◆ **INFORMATION SUPPLIED**
-----

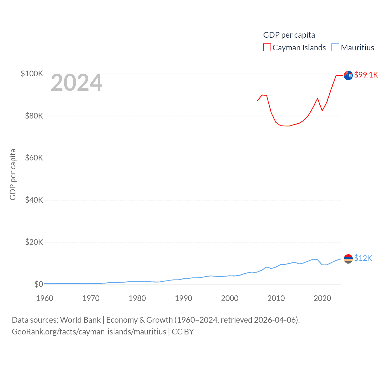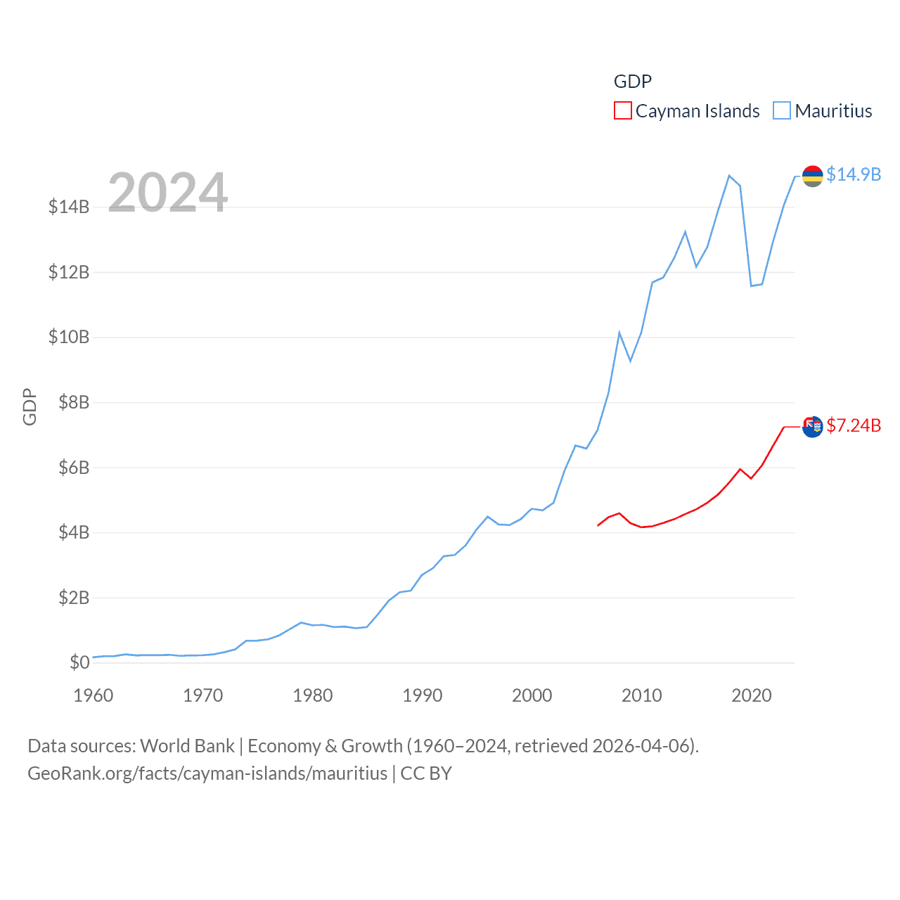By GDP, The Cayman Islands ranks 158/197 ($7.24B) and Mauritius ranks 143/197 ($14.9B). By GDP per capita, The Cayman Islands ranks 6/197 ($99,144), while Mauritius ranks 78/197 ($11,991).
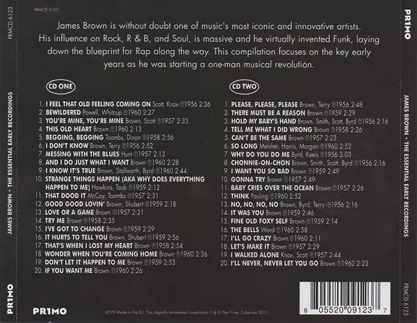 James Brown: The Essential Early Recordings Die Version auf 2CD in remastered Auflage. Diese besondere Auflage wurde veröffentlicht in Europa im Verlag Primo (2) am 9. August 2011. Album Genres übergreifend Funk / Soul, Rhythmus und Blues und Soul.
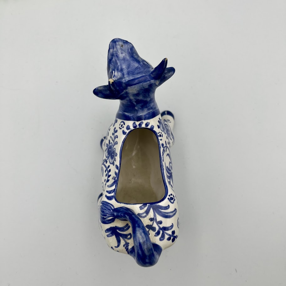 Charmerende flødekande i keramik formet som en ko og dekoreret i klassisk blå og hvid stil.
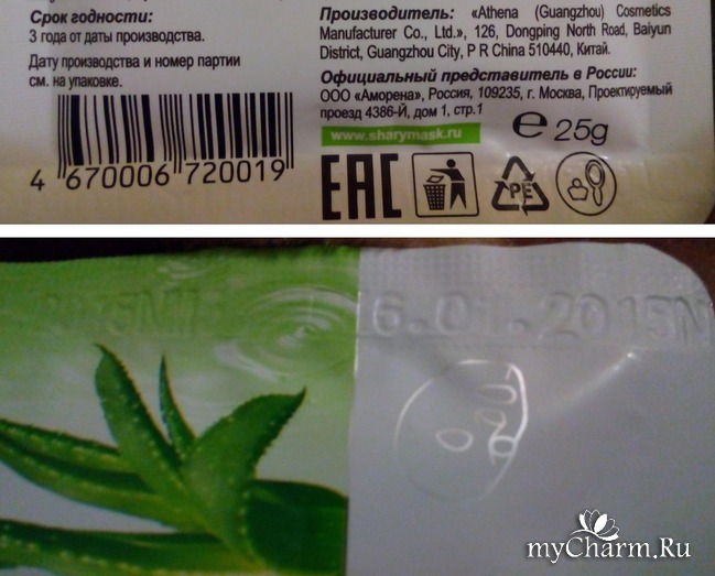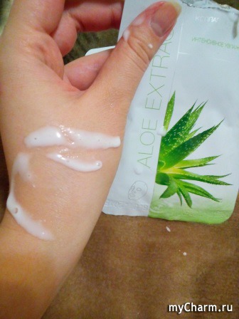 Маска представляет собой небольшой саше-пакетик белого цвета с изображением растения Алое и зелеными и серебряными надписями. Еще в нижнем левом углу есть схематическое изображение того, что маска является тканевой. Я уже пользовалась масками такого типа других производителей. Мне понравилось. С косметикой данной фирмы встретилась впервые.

-----

◆ **WORK ITEM**
Could you repeat each line above exactly as written? Omit the pictures.

◆ **SOLUTION FOR THIS EXERCISE**
By GDP, The Cayman Islands ranks 158/197 ($7.24B) and Mauritius ranks 143/197 ($14.9B). By GDP per capita, The Cayman Islands ranks 6/197 ($99,144), while Mauritius ranks 78/197 ($11,991).
 James Brown: The Essential Early Recordings Die Version auf 2CD in remastered Auflage. Diese besondere Auflage wurde veröffentlicht in Europa im Verlag Primo (2) am 9. August 2011. Album Genres übergreifend Funk / Soul, Rhythmus und Blues und Soul.
 Charmerende flødekande i keramik formet som en ko og dekoreret i klassisk blå og hvid stil.
 Маска представляет собой небольшой саше-пакетик белого цвета с изображением растения Алое и зелеными и серебряными надписями. Еще в нижнем левом углу есть схематическое изображение того, что маска является тканевой. Я уже пользовалась масками такого типа других производителей. Мне понравилось. С косметикой данной фирмы встретилась впервые.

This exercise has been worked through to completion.